Tak lama kemudian, busnya telah sampai di halte berikutnya. Zayn dan Zira keluar dari bus tersebut dan melanjutkan perjalanan. Jarak rumah Zira dengan halte tidak terlalu jauh, cukup berjalan kaki saja bisa.

“Zayn, kenapa kamu memasang foto ku sebagai wallpaper di ponselmu?”

“Kenapa? Kau tidak menyukainya?” tanya Zayn.

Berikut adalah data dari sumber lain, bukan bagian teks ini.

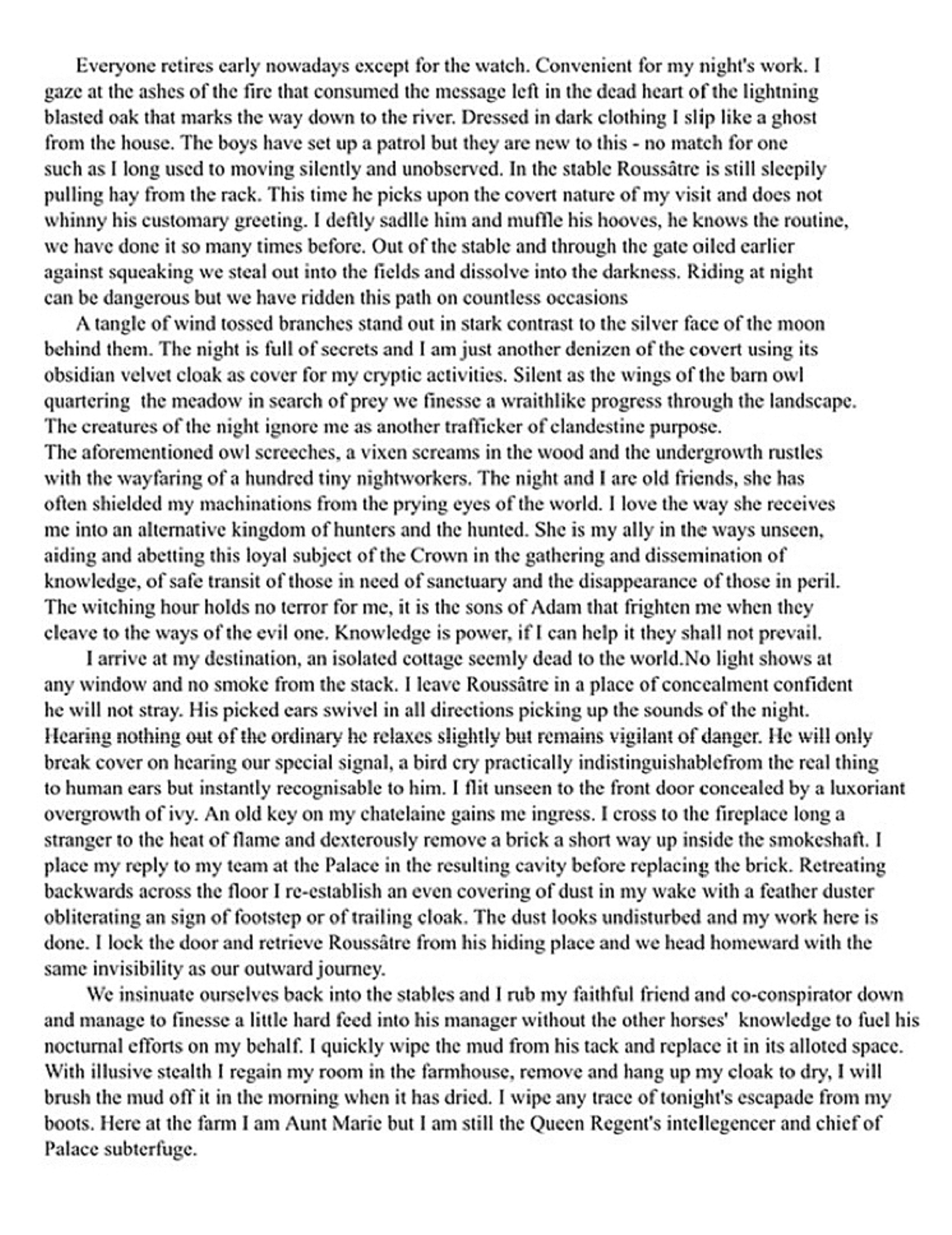 With a warmth of heart and post-coital mellow I seek out Raoul to discuss his management of the farm out post. Still leisurely tucking my shirt back into my breeches I see his expectant face, bright eyed and full of innocent wonderment. I feel unnerved wondering if he knows of my true purpose with his mother but preferring as always to duck the issue of adult relationships.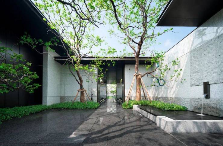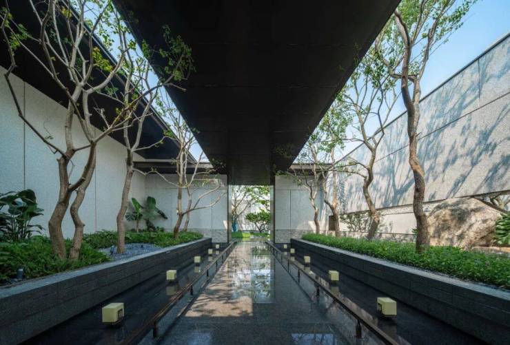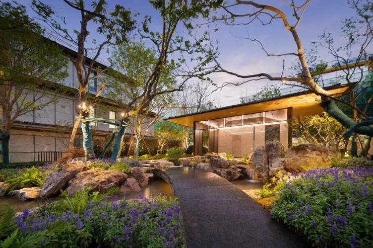 北区配备约3000㎡酒店式会所花园,地下会所承载艺术展示与社交功能;南区通过自然山水的礼序山石园林步入约1500㎡地上泛会所花园区。设计汲取古代文人雅士隐逸山林的空间意象,融入山、泉、林、台、石等元素,巧妙结合书院文化内涵与自然意境,营造富有东方哲思的景观体验。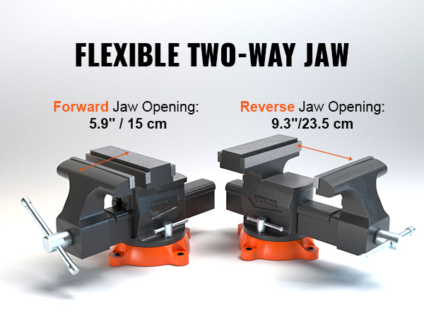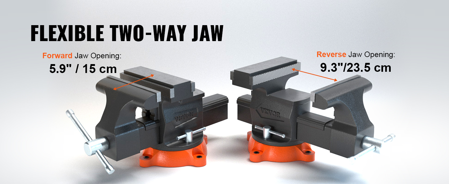 VEVOR Bench Vise, 16.5 cm Jaw Width 16.5 cm Forward & 23.6 cm Reverse Opening, 360-Degree Swivel Locking Base Multipurpose Workbench with Anvil, Heavy Duty Ductile Iron with Bolts & Nuts, for Drilling, Pipe Cut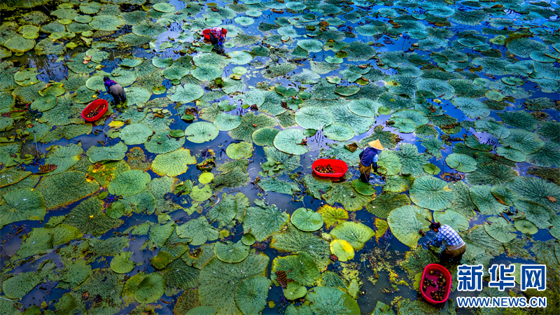 芡实采摘。杨忠铭 摄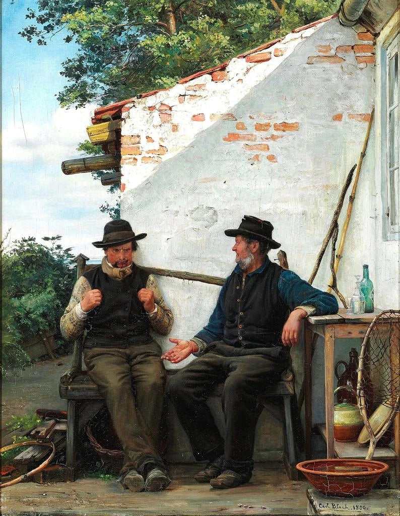 Carl Bloch, dansk målare från 1800-talet, är erkänd för sin tekniska skicklighet och sin förmåga att framkalla djupa berättelser genom sina verk. Utbildad vid de största konstakademierna, utvecklade han en unik stil som förenar realism och romantik. Bloch har ofta påverkats av naturen och vardagslivet, vilket återspeglas i "En konversation mellan två fiskare". Hans verk, även om de ofta är religiösa, vittnar om en mänsklig känslighet som överskrider de ämnen som behandlas. Hans inflytande består än idag, och inspirerar många konstnärer och konstälskare att utforska de känslor och berättelser som döljer sig bakom varje konstverk.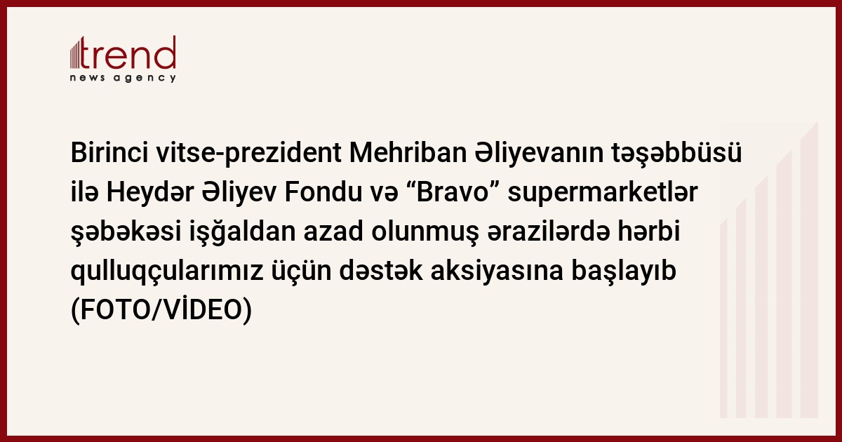 Azərbaycan Respublikasının Birinci vitse-prezidenti Mehriban xanım Əliyevanın təşəbbüsü ilə Heydər Əliyev Fondu və “Bravo” supermarketlər şəbəkəsi işğaldan azad olunmuş ərazilərdə xidmət edən hərbi qulluqçularımız üçün yeni dəstək aksiyasının həyata keçirilməsinə başlayıb.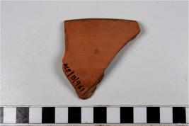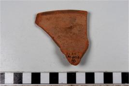 | Description / विवरण | A fragment of a dish of red ware with splayed out rim, painted with black showing horizontal band on exterior, flat base of fine fabric. |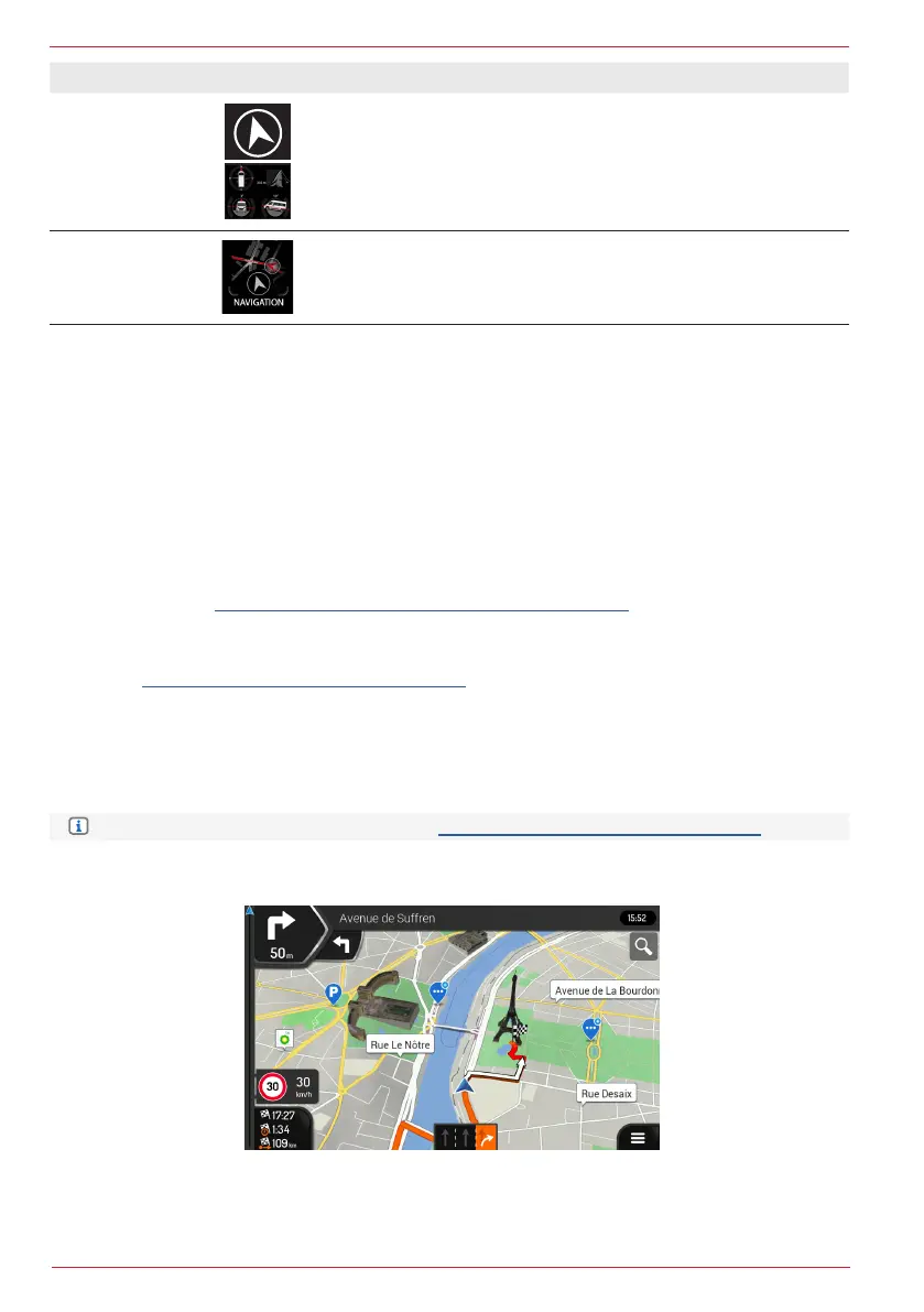 up the navigation (only if there is a Navi micro SD card in the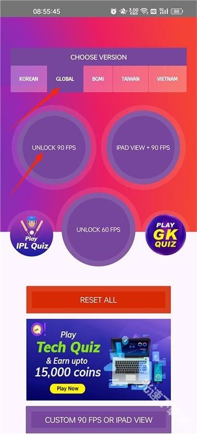 1、启动90fps画质助手中文版后,首先选择全局模式(global),然后点击解锁90帧模式。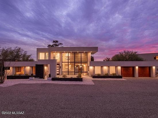 A luxury contemporary designed by architect Kevin B. Howard. A unique property with two homes on one lot in the Catalina Foothills, enjoying both panoramic mountain and city views.This home boasts a custom Italian designed Poliform kitchen, a sparkling white 12 ft quartz countertop island, steam oven, warming drawer, induction cooktop, and extra-large fridge/freezer. Enjoy a spacious walk-in pantry. A custom Media room off the living area with a 80 ft TV screen , custom lighting and a marble fireplace. A dream private master suite occupying the entire second floor with an office, bedroom, walk-in wet room with stone resin tub and double shower-head showers . A walk-in closet with a skylight and walk-out decks overlooking the entire city. The main floor with 3 bedrooms and 3 baths, with an A luxury contemporary designed by architect Kevin B. Howard. A unique property with two homes on one lot in the Catalina Foothills, enjoying both panoramic mountain and city views.This home boasts a custom Italian designed Poliform kitchen, a sparkling white 12 ft quartz countertop island, steam oven, warming drawer, induction cooktop, and extra-large fridge/freezer. Enjoy a spacious walk-in pantry. A custom Media room off the living area with a 80 ft TV screen , custom lighting and a marble fireplace. A dream private master suite occupying the entire second floor with an office, bedroom, walk-in wet room with stone resin tub and double shower-head showers . A walk-in closet with a skylight and walk-out decks overlooking the entire city. The main floor with 3 bedrooms and 3 baths, with an additional rock-climbing/game room. The main home has been completely renovated with all new plumbing, electrical, walls, lighting, flooring, appliances, bathrooms, windows and doors, insulation, garage doors, driveway, and landscaping. For insulation this home is wrapped in waterproofing material, then layered with foam, topped with fireproof concrete boards, and sprayed with a unique and rare cork material from Spain.

“Bukan seperti itu, hanya saja setiap orang yang melihatnya akan mengira kalau aku adalah kekasihmu. Kau kan saudara kandungku,” ucap Zira dengan nada suara yang kian pelan.

“Biarkan saja mereka berpikir seperti itu, toh tak ada yang tahu kalau kau saudariku. Lagian aku jenuh dengan setiap perempuan yang selalu mengejarku setiap hari. Jadi, aku pinjam foto mu saja.”

“Kau jahat ya Zayn, menjadikan aku sebagai tameng.”

Zira kesal dan mengejar Zayn sampai di depan rumahnya. Nafasnya terengah, peluhnya sampai bercucuran membasahi tubuhnya.

“Huh, aku lelah,” ucap Zira sambil mengatur kembali nafasnya. “Kembalilah, terima kasih sudah mengantarku pulang.”

“Tidak. Aku akan pergi setelah kau masuk!” kata Zayn.

“Baiklah, sampai jumpa besok.”

Zayn baru meninggalkan tempat itu setelah bayangan Zira hilang dari pandangan matanya.

Setiap harinya mereka terus seperti ini, hingga suatu hari di saat acara kelulusan berakhir. Zayn mengatakan akan mengikuti orang tua angkatnya ke luar negeri dan tidak tahu kapan ia akan kembali lagi ke sini. Dia hanya berpesan kepada Zira untuk hidup dengan baik dan jangan menunggunya kembali.